I don’t think any of the salvaged material was ever put to use, not even as kindling or fire wood. Like many people in my street, the siblings too liked heating with the ubiquitous plastic bottles – “they give off such good heat”, was the standard excuse for the acrid smell and blueish clouds of smoke rising from the chimneys. And, people insisted, it saved the fee for the chimney sweep and kept the flues free of soot.

Looking at the images of Karl Göran’s original project brought back the memory of my former neighbours’ grey zone – not so much because of similaritites but rather because of their dramatically different attitudes to gathering, collecting and salvaging. Both the siblings and Karl Göran, however, invite the imagination and lend themselves to ideas for film and fiction. They may even confuse the beholder and make them wonder if they’ve emerged from a book or a film. When I visited the village some time after I’d left, another neighbour told me that the pinafored sister had died, according to her brother from a “sore in her side that wouldn’t heal”. I doubt that the brother had read Kafka’s A Country Doctor between lugging sacks of potatoes, but I couldn’t help thinking of the story and wondering by which windows the doctor’s eerie horses might have looked into the sickroom.

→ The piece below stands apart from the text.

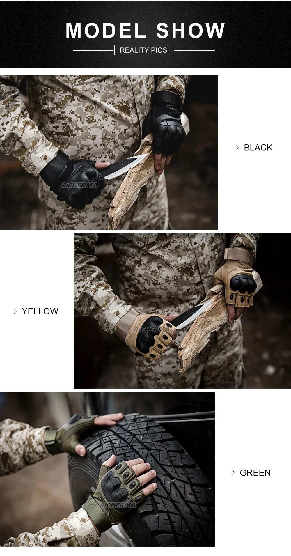 - Feature1: Motorcycle Fingerless Gloves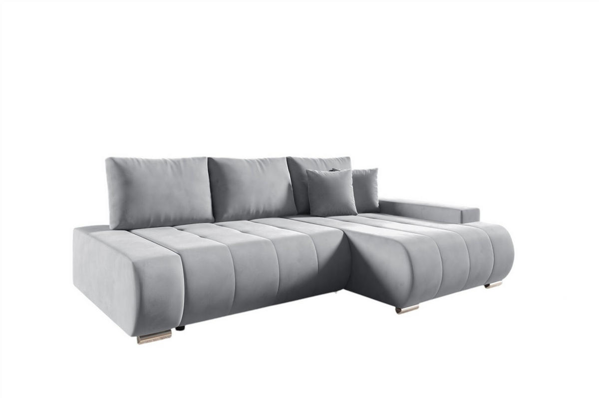 ECKSOFA inkl.Funktionen Grau Webstoff Bettkasten, Schlaffunktion, Rücken echt, Kopfteilverstellung

Karl-Göran belongs into a different kind of story. He is, to begin with, a man of good intentions. He is not an owner but a maker, he hoards with a vision: selfless and determined. He is a gatherer, a gleaner who recognizes a dormant potential in every object. Looking at the arc of his life – peasant boy – soldier – self appointed saviour – we squint into the sun of times gone by and make out the shape of a hero.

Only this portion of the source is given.